— Exercise details —
Give again, exactly as written, the lines of the records below from the line with "Ножницы по металлу" to the line with "Все заявки и". Both end lines count; pictures do not.

— Material shown —
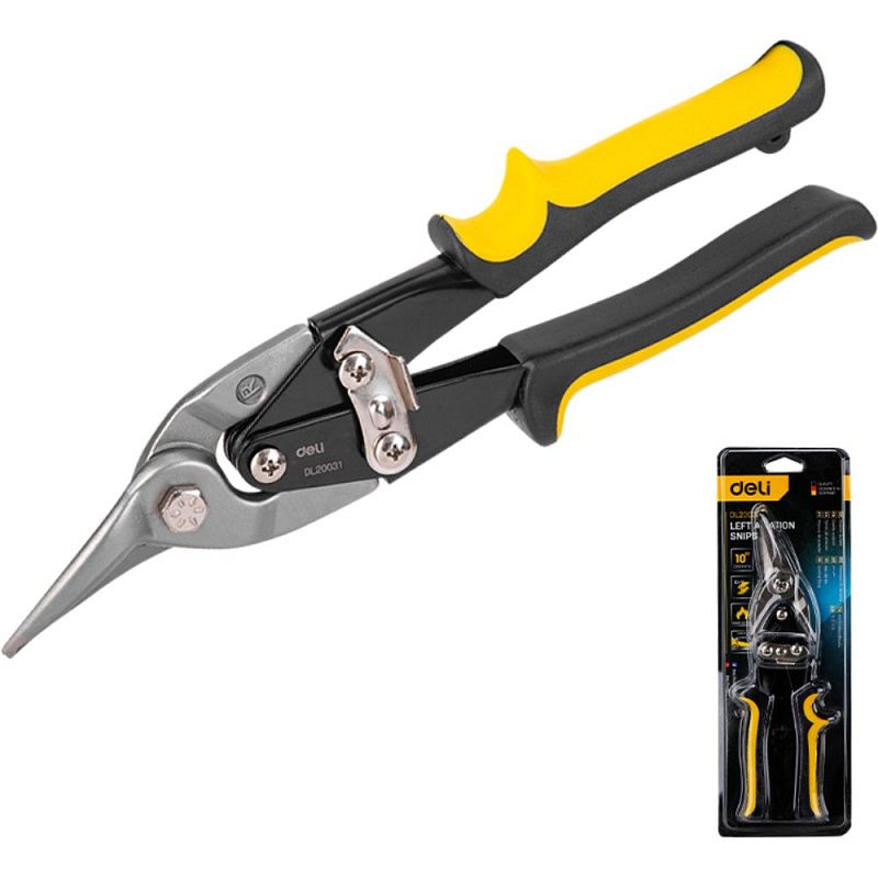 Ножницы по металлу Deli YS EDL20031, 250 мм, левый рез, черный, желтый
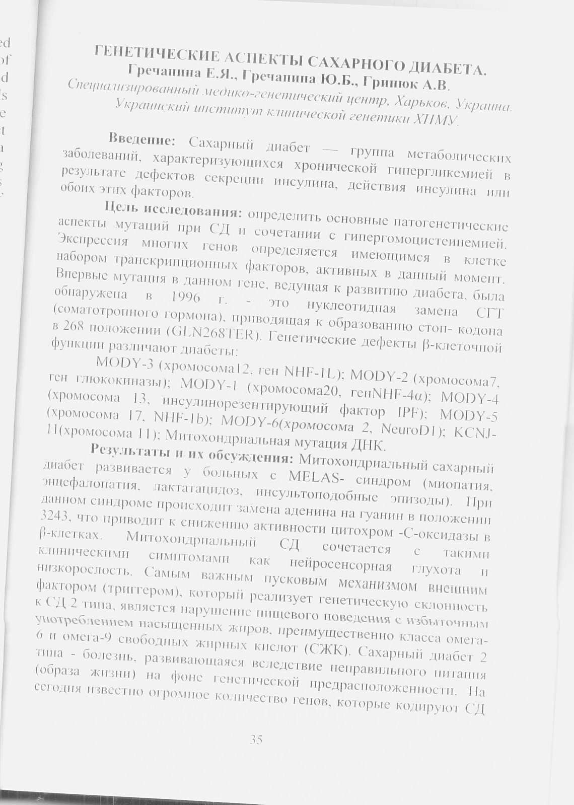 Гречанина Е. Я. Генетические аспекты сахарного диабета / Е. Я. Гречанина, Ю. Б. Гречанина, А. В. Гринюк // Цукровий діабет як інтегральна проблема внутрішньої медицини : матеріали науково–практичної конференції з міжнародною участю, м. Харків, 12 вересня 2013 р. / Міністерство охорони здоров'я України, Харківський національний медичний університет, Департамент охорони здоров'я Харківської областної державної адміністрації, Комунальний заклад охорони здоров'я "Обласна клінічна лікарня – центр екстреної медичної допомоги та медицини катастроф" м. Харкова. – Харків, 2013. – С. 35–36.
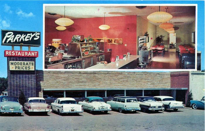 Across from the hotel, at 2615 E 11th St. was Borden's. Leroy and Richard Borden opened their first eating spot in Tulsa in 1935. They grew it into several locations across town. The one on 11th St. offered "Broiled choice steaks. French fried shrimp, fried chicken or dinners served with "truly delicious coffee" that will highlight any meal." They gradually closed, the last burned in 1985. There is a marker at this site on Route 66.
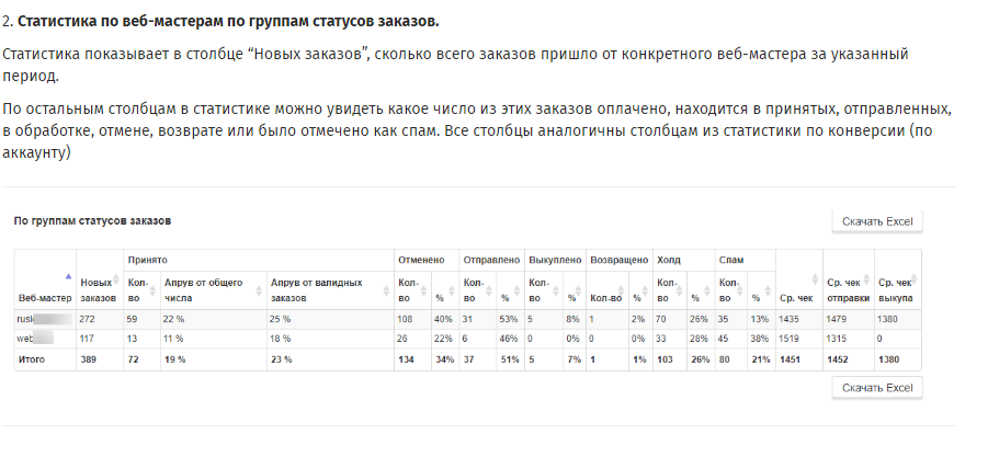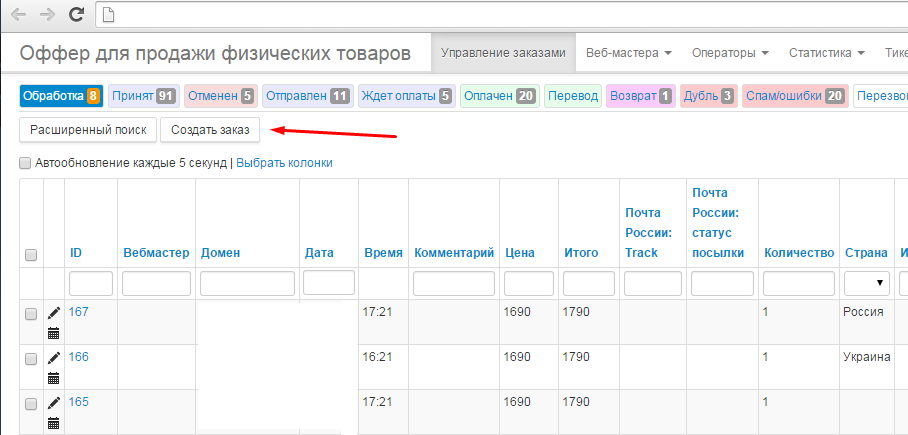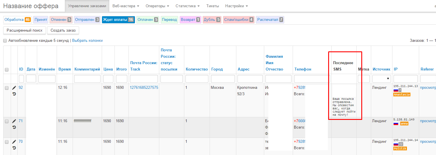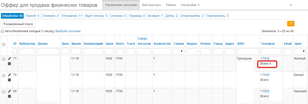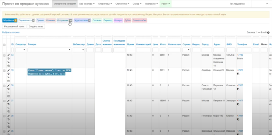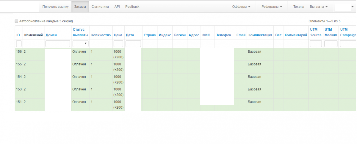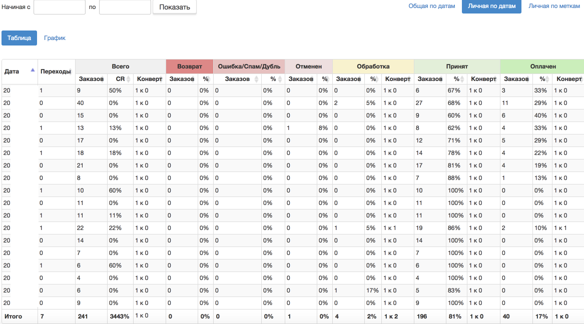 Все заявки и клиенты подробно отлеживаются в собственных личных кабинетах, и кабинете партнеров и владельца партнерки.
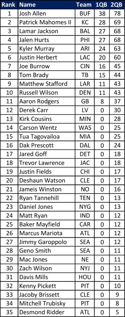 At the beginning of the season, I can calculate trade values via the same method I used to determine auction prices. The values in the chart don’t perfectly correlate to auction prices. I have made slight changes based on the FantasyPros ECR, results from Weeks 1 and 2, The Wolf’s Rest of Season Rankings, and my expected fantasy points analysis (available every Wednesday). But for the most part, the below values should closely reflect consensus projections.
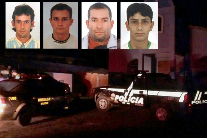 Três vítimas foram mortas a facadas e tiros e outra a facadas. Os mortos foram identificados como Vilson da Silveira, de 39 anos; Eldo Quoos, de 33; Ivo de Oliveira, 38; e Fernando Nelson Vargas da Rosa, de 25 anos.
==
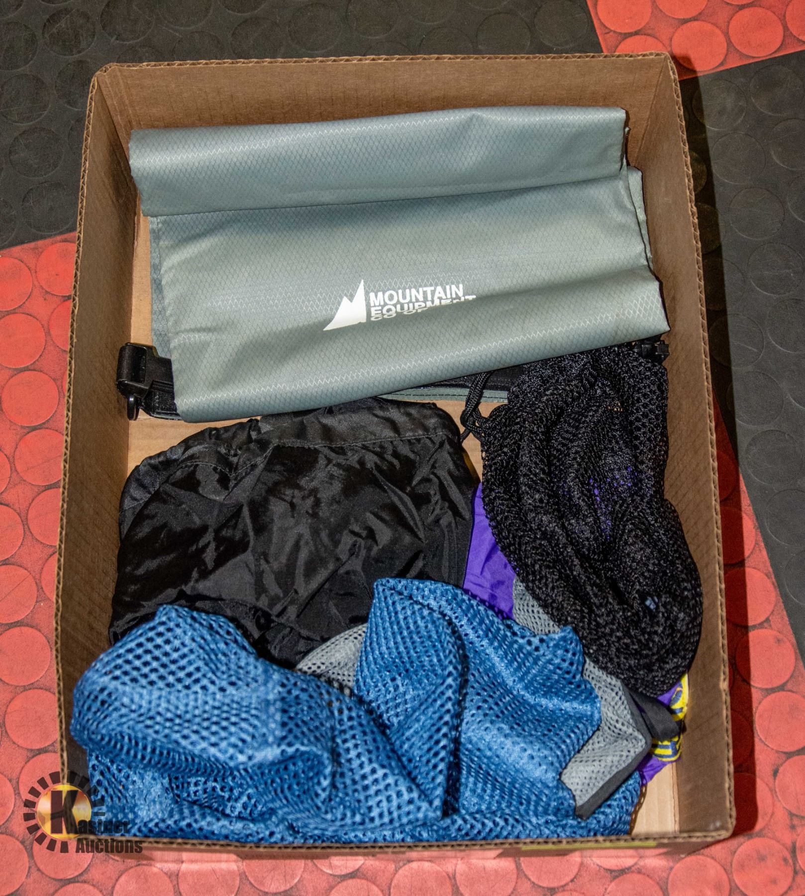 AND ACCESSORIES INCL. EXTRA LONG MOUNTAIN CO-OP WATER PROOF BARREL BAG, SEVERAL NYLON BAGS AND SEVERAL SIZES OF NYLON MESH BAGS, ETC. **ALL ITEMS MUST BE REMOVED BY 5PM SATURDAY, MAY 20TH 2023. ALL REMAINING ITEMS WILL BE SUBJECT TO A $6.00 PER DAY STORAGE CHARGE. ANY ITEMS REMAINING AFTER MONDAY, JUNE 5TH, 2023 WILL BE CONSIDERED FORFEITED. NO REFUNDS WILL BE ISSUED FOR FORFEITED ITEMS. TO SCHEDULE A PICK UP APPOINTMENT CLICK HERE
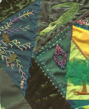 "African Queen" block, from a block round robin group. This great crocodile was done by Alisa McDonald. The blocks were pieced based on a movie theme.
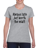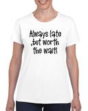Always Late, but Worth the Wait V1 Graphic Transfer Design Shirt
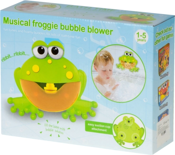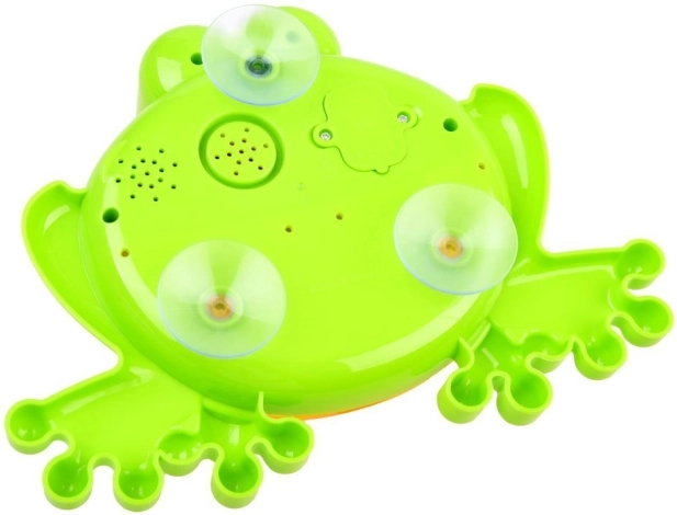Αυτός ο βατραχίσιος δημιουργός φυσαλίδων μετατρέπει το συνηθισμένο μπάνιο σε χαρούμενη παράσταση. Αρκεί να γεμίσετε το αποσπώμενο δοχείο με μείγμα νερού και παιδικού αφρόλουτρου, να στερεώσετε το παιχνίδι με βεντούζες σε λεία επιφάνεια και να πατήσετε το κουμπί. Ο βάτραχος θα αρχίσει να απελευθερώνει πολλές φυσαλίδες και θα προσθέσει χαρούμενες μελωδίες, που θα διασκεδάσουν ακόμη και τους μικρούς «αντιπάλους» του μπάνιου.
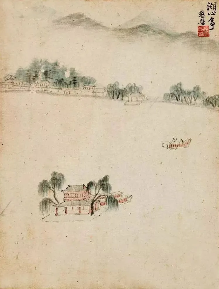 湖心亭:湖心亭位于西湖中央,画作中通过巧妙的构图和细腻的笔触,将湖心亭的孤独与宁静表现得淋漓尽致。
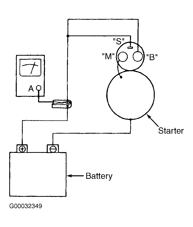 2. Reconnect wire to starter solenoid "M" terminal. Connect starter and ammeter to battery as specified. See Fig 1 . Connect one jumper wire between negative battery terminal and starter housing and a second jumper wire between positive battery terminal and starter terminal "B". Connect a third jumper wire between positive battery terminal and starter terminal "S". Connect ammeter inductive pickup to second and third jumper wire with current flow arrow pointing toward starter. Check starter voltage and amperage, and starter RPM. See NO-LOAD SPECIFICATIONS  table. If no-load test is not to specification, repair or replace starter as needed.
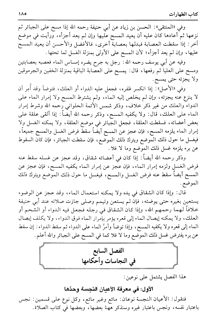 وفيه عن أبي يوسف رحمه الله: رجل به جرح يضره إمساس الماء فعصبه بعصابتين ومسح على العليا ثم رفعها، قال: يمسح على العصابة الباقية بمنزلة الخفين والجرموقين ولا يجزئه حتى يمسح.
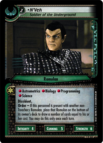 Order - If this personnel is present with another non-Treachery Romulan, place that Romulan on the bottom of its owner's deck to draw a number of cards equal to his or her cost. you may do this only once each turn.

— Final answer —
 Ножницы по металлу Deli YS EDL20031, 250 мм, левый рез, черный, желтый
 Гречанина Е. Я. Генетические аспекты сахарного диабета / Е. Я. Гречанина, Ю. Б. Гречанина, А. В. Гринюк // Цукровий діабет як інтегральна проблема внутрішньої медицини : матеріали науково–практичної конференції з міжнародною участю, м. Харків, 12 вересня 2013 р. / Міністерство охорони здоров'я України, Харківський національний медичний університет, Департамент охорони здоров'я Харківської областної державної адміністрації, Комунальний заклад охорони здоров'я "Обласна клінічна лікарня – центр екстреної медичної допомоги та медицини катастроф" м. Харкова. – Харків, 2013. – С. 35–36.
 Across from the hotel, at 2615 E 11th St. was Borden's. Leroy and Richard Borden opened their first eating spot in Tulsa in 1935. They grew it into several locations across town. The one on 11th St. offered "Broiled choice steaks. French fried shrimp, fried chicken or dinners served with "truly delicious coffee" that will highlight any meal." They gradually closed, the last burned in 1985. There is a marker at this site on Route 66.
 Все заявки и клиенты подробно отлеживаются в собственных личных кабинетах, и кабинете партнеров и владельца партнерки.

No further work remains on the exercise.